February 23, 2005

99 Days to go ....

Ahh atleast we've made it to the double digits. I wish JJ would hurry home and carry me around, I have to say I'm just tired of carrying my own butt with me on a daily basis. I can't even imagine what I am going to do when I get bigger or heavier for that matter.

JJ is still away, as sad as it is atleast he can go to Old Navy Maternity and get me some undies. Last trip he bought me one pack of cute ones and two packs of the old Granny Style ones .. what was he thinking? On his behalf I will stick up for him and say he did buy me quite a few other cute items. It sucks that all we have is Thyme Maternity and Motherhood to shop at here in Halifax. I often wonder where all the other pregnant people are getting their clothes at? I mean these two stores always seem to have the exact same stuff .. so nobody's buying it obviously, and I'm pretty sure I'm not the only pregnant person down this way? Somebody help me .. what are all the pregnant people wearing? Ohh yes and there is the Roots Outlet store in Bayers Lake that has a maternity section but come on I don't want to see myself in stretchy pants every day of the week and I'm pretty sure nobody else does either.

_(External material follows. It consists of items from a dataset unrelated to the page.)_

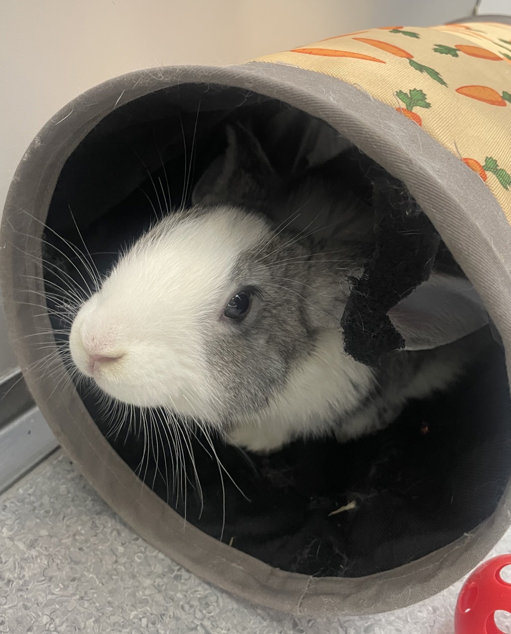 Meet Trevor and Bella ! This sweet, bonded pair of rabbits are searching for a forever home together. They can be shy when meeting new people, but they're both very easy to handle and enjoy calm, gentle interaction. With a little patience, they will blossom into affectionate companions. Enrichment is key to keeping them happy and engaged-they will delight in tunnels to dart through, hay-stuffed toys, cardboard castles, and foraging games to tickle their curious mind. They do best in a quiet home with patient adopters who can help their confidence grow. Perfect for someone looking for a mellow, loving duo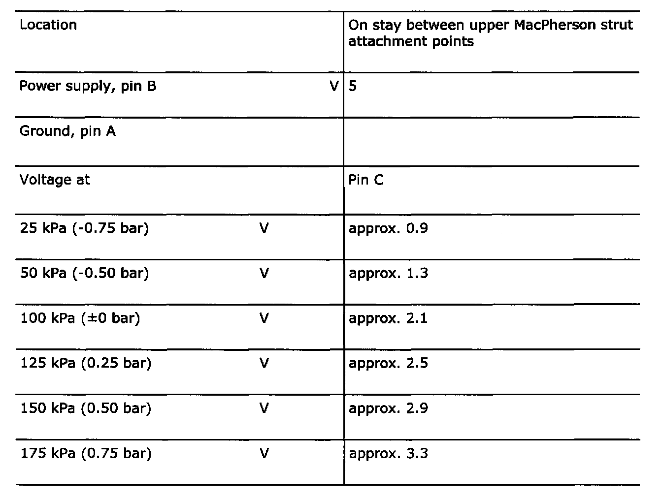 When checking the pressure sensor with a pressure/vacuum pump, slightly lower voltages may be obtained at high altitudes.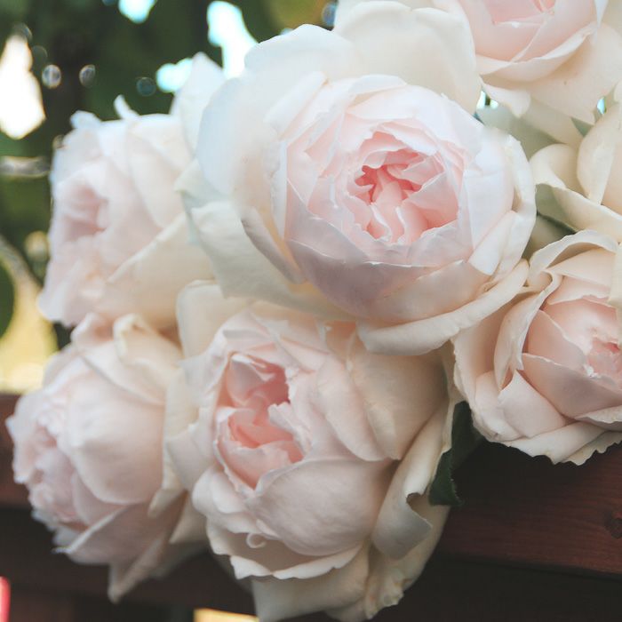 どこかレトロな雰囲気のあるモダンローズです。ごく淡いピンク のやさしげな色合いのディープカップ咲きの花には、上品なソープに似た香りがあります。樹勢はややコンパクトに生育し、鉢植え、庭植えのどちらにも扱いやすいバラです。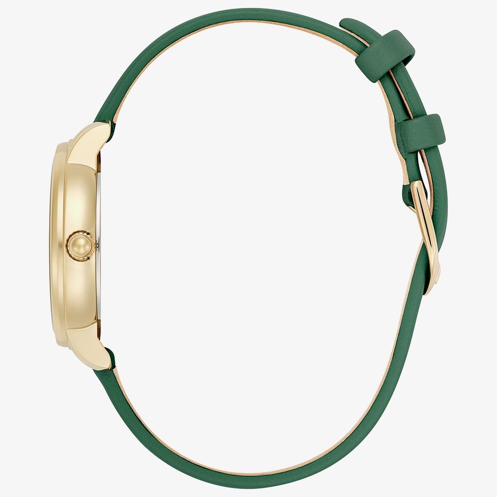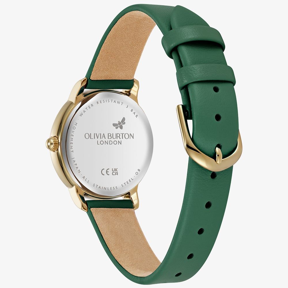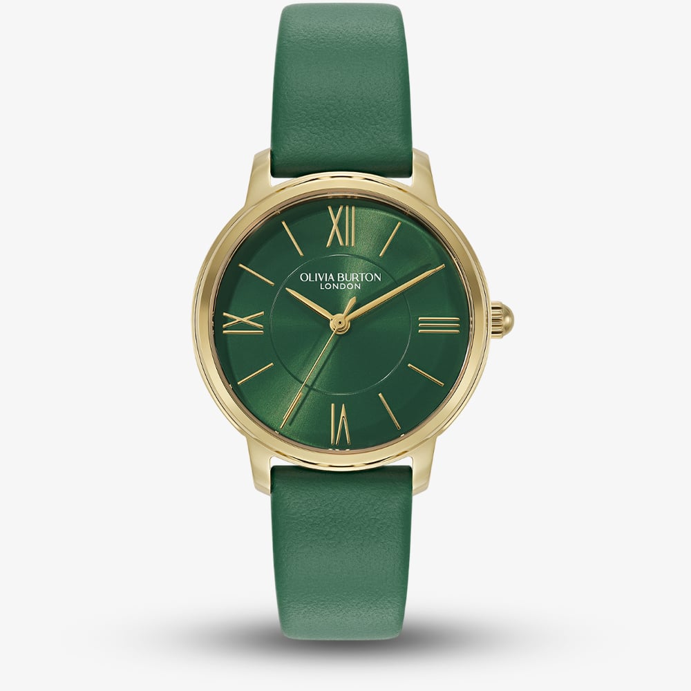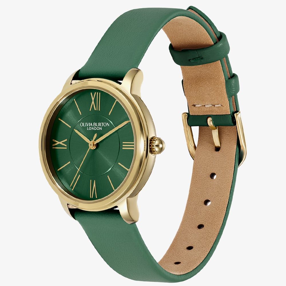 Inspired by one of London’s most charming corners, the Olivia Burton 24000352 blends timeless style with subtle contemporary flair. Its 30mm gold IP case frames a forest green sunray dial that catches the light beautifully, while the gold UP roman numerals and stick indices add understated elegance. The deep green leather strap is soft and supple, moulding comfortably to the wrist and completing a look that is both refined and approachable.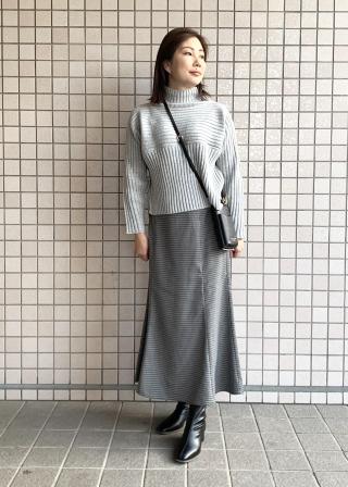【累計40万枚突破】スタイルアップが叶うクロップドリブ切り替えニット/パチパチしにくい・洗濯機OK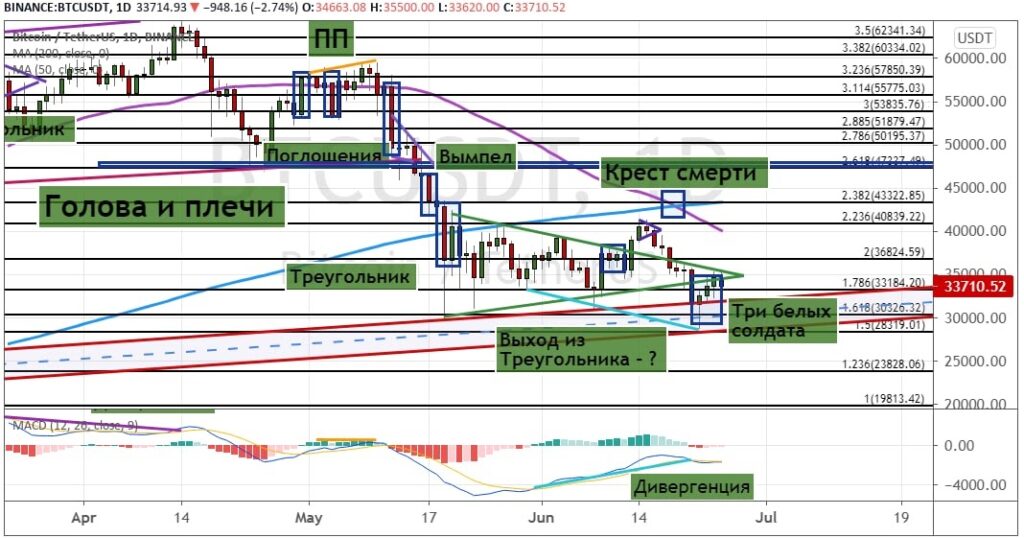 Биткоин достиг нижней границы модели теханализа «Треугольник» (отображена на графике ниже), но не смог пробить ее. Это привело к повторному снижению до поддержки $33 200.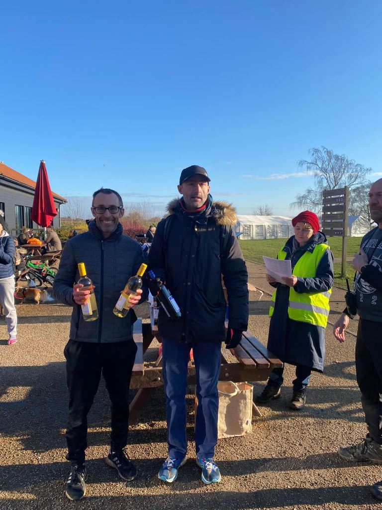 There was one other race that took place on Wednesday – it was a muddy 5.5 mile trail run in the dark. Phil and Vicky took on the Pitch Black event, hosted by Essex Trail Events. It started in Purleigh at the Roundbush Pub and finished there with chicken pasta bake! Phil finished in 1:00:24 and Vicky 1:01:41. Obviously he wanted to keep a bit of distance between them!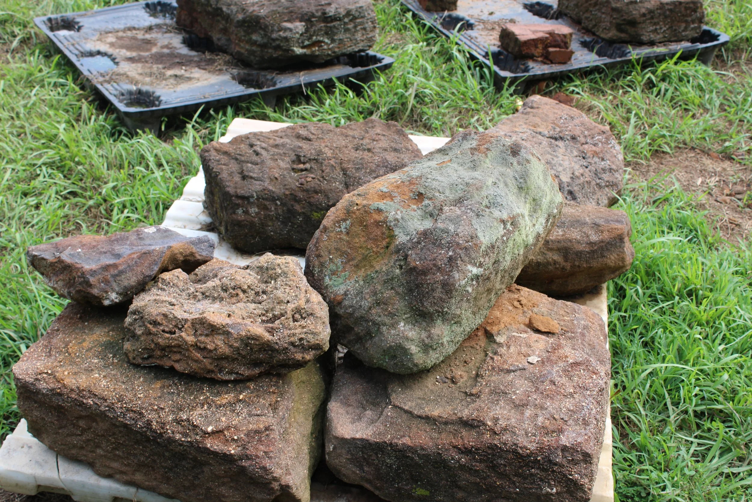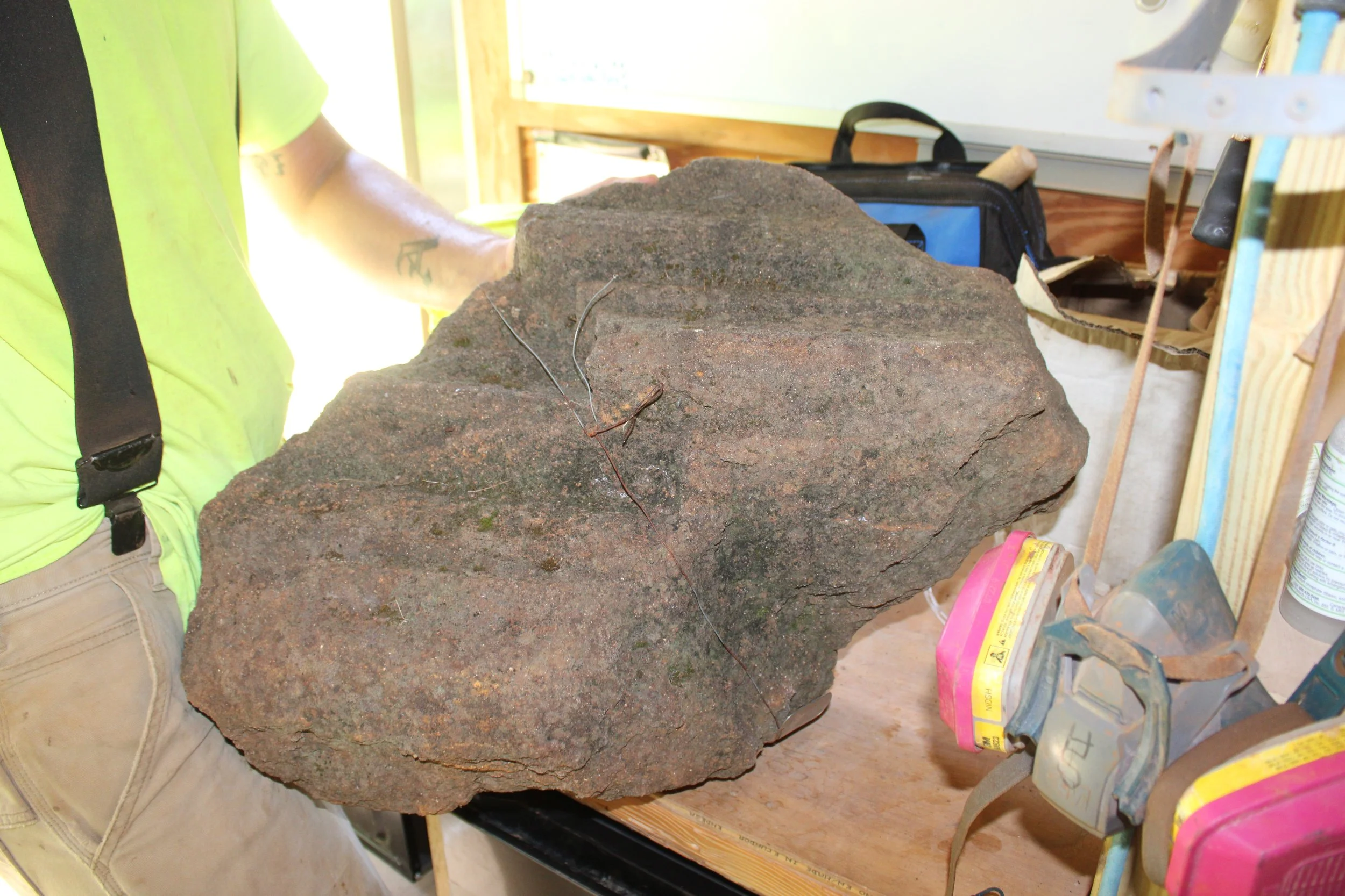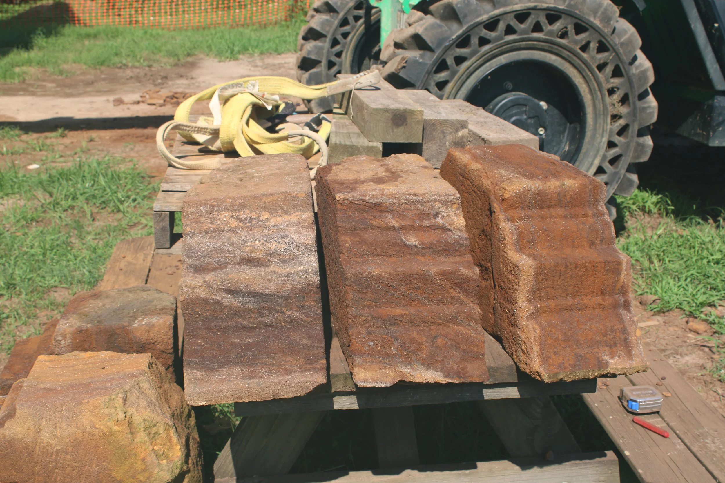First, a stone is selected, and is “dressed” into a mostly level stone of proper proportions. To do this, the stone is “squared up” by hand chiseling an even flat side and chiseling guidelines for the areas that will be kept. Then a circular saw is used to cut away the excess from the chiseled markings. This process is completed on other sides of the stone if necessary. In the images below, Hunter Shackelford prepares a stone to be cut to size by making indentations with a chisel, after having created a flat side on the top.

Well it has finally happened. It's not like I didn't know it was going to happen .. well maybe I was thinking it wouldn't happen to me. The bellybutton is now almost flat with the rest of my very protruding belly (notice I did not say large). Also, in the past five minutes or so my belly button piercing has just started to turn red AGAIN. It cracks me up, just today I was telling someone that I had won this fight with the doc. When I told my doc at the beginning of my pregnancy I was keeping my piercing she kinda laughed and said she hadn't seen anyone be able to keep theirs for the whole nine months .. and of course there I go thinking I am the exception to the rule again. I was going to post pictures of my very red belly ring, mostly for JJ to see, but then I stopped myself (you can thank me later). I realized the pictures of me in my underwear were probably one step further in our relationship than anyone wanted to go as it was ...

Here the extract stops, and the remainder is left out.